I just had a quick call with @tarilabs, and we agree that BFF is the best option for this use case. So what we need to move forward is:

@fbricon @rareddy I believe a starting point for our discussion would be understanding the endpoints and JSON schema needed for backstage and VS Code. Then, we can check if there is an overlap with the APIs that we are currently planning for the Web UI or if we need a new endpoint. I'm happy to implement those in the community.
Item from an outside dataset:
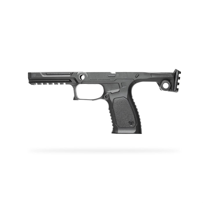 The Strike Modular Chassis (SMC) - BRAVO for SIG Sauer P320 by Strike Industries is a new lite version of the MOST MODULAR P320 (SMC Alpha) Chassis in the WORLD at a fraction of the Alpha's price. Customer feedback was heavily weighed and taken into consideration when Strike Industries developed this chassis so when they say the Bravo was made with the user in mind, they mean it. The new SMC Bravo is made of Polymer Extreme™ which is durable and lightweight — intended to receive P320 FCU's and slides to complete the entire ensemble. This time around users can fully utilize their P320 optics-ready slides to effortlessly install their red dot sights! In terms of upgraded features in the Bravo, the ergonomics have improved with a textured grip which now includes a built-in flared magwell to assist with quick and smooth reloads. Strike Industries optional Ambidextrous Side Charging Handle with a Slide Cover Mount for the P320 is also compatible so each Bravo user can decide which side they want to rack the slide with. This chassis also more universally accepting of many different types of P320 magazines. Users will enjoy the integrated gas pedal above the Picatinny rail to help fight muzzle flip, allowing for faster follow-up shots. Derived from the SMC Alpha, the Bravo remains consistent as it comes with the SMC Rear Module Backstrap molded onto the new chassis as one solid piece. It offers users rear ambidextrous QD sockets and a Picatinny rail mount, perfect for attaching various accessories like their Strike Dual Folding Stock/Brace. The ambi QD sockets in the rear can be used with slings and can even have a lanyard or paracord strung through it (in case you want to hang this up somewhere quickly accessible). Whether you're looking to scratch that sci-fi itch, if you're a Sig fan, or just want a PDW option, the Bravo is a ton of fun and lives up to its hype. Get your SMC BRAVO today before they sell out! FEATURES Ambi QD sockets at the rear w/ loop-thru design so its possible to loop a lanyard or paracord. Built-in magwell for better magazine feeding. Flat magazine hole opening; this make the grip module able to use more different types of P320 magazines. Works with Ambidextrous Side Charging Handle with Slide Cover Mount. Extended picatinny rail located at front bottom of chassis and on Rear Module Backstrap for accessories. Compatible with optional Spare Magazine Holder for SIG SAUER P320 with SI Modular Magazine Release. SMC Bravo for SIG SAUER P320 uses SIG SAUER P320 OEM fitment takedown lever and P320 magazine release, SI Modular Magazine Release is pre-assembled and included. COMPATIBILITY: Calibers: 9mm/.357SIG/.40S&W FCU: All SIG SAUER P320 FCUs which include XSeries as well as M17/M18 with complete function of the manual safety. For SMC use with M17/M18 manual safeties, the notch on the chassis is visible and outlined as a guide for the modification needed to be performed for the manual safeties to be usable. Triggers: Strike Industries only guarantee proper fit and function with SIG SAUER OEM triggers. Strike Industries cannot guarantee safety and function on aftermarket triggers and components. The SMC is made to fit the OEM standards of the SIG SAUER FCU. Slide Lengths: The SMC will work with all P320 slides and barrel lengths but is best matched on the BRAVO for SIG SAUER P320 (Full-Size Length Slides) with 4.7"" barrels or SIG SAUER P320 (Carry Size Length Slides) with 3.9"" threaded barrels combined with a compensator. While the subcompact 3.6"" barrel/slides will also work with the Bravo Strike Industries do not recommend this as the frame would be longer than your slide even if it had a compensator. If you decide to use a slide shorter than the Full-Size length they highly recommend purchasing the Strike SMC Blast Shield to protect your support hand's thumb. Magazine Compatibility: P320 17-round, 18-round, 21-round and Full Size 10/17-round magazines Holsters: The SMC Bravo's general silhouette can fit in a variety of holsters, however, it depends on what accessories are installed (i.e. magholder, optic, light, charging handle) as kydex molds also vary between brands. NOT COMPATIBLE: 45ACP FCU/Calibers 10mm FCU/Calibers Compact 15 and 10-round magazines SMC Alpha frame mounted muzzle devices SMC Alpha Magwell WARNING: Be careful of thumb/hand placement near any moving parts on the Strike Module Chassis/grip module. Misuse or improper placement can cause disfigurement or death. Before every use, always check proper function and that all screws/hardware is secure. Maintain and check all screws/hardware and components regularly as preventative maintenance. Always have your weapon SAFE when not being fired. Always follow all firearms safety rules and never point your weapon at anything you are not willing to destroy. The user is responsible for the modification required to use the M17/M18 manual safeties. The Strike Modular Chassis (SMC) has a visible outline for the shape to fit the M17/M18 manual safeties. Strike Industries only recommends all work be done by a certified gunsmith. Be aware that once you remove material in the SMC chassis for the M17/M18 notch, you cannot go back and there will always be a notch for the manual safeties once the modification is done to the SMC chassis. DISCLAIMERS: Strike Industries are not lawyers and do not give any legal advice. Always be aware of federal, your state, and local laws. The Strike Modular Chassis (SMC) BRAVO for SIG SAUER P320 by Strike Industries is NOT A FIREARM. This is a grip module/chassis system made to work with SIG SAUER P320 FCU's and slides. Users will have to supply your own complete P320 slide w/ barrel, FCU, and magazine. The SMC BRAVO is not a serialized product. The Strike Mag Holder and Dual Folding Adapter are optional Strike Accessories that are compatible with the SMC BRAVO. “SIG SAUER” and ""P320"" are federally registered trademarks of SIG SAUER, Inc. and is one of many trademarks owned by SIG S

rareddy commented 1 month ago

@tarilabs I thought MR created InferenceService entities and with the above use of reconciling we are collating the deployment info which could then directly be exposed through MR REST API. Since we are going to do reconciler for StorageInitializer why not just use that?

I understand the BFF proposition, but thinking about how would external access to Backstage components need to deal with two different endpoints, security etc.

tarilabs commented 1 month ago

@tarilabs I thought MR created InferenceService entities and with the above use of reconciling we are collating the deployment info which could then directly be exposed through MR REST API.

To baseline the discussion:

With the above premised:

But trying to walk in those shoes anyway, even if we exploit the auditory logical model entries for the fresh snapshot purpose, it won't solve for the requirement of knowing Models deployed which are not indexed/catalogued in Model Registry.

For these reasons, I believe the BFF approach as I mentioned in https://github.com/kubeflow/model-registry/issues/130#issuecomment-2281361781 is to me the most appropriate.

To me, we need:

.

Since we are going to do reconciler for StorageInitializer why not just use that?

I'm not sure I understood this comment. CSI is not a reconcile loop in a operator/controller.

.

I understand the BFF proposition, but thinking about how would external access to Backstage components need to deal with two different endpoints, security etc.

This is a matter of Deployment model of BFF, and if it becomes "an issue" to me this would be a blocker well beyond backstage integration worth of being resolved fully.

.

Hope these are relevant comments for considerations, and hope putting them in writing was helpful but I expect this is a conversation easier to have also in the meetings!

fbricon commented 1 month ago

I'm not sure I understand who will be responsible for querying KServe's Isvc (kubectl get isvc). Will it be the model-registry, under the hood? Users? If the latter, my understanding (from discussions with @guimou), is those resources will most likely be under namespaces unlikely to be available to regular users

tarilabs commented 1 month ago

@fbricon this discussion is indeed to avoiding having to ask users to kubectl get isvc.

This discussion, as the comment are showing, is about implementation choices for how to do it within Model Registry scope, between what was recently presented (BFF) and previously available reconcile loop (intended for Auditing). Hope this clarifies.

ederign commented 1 month ago

@fbricon @rareddy, In short, the gist of what we are discussing is the BFF becoming the API for such services.

{VSCode/Backstage} => REST call => BFF = abstracts, coordinate and format data => {K8s resources | Model Registry APIs}

For sure, we will going to need to discuss security and other implications, but first, we need to agree if the BFF will be the 'API' for those external integrations.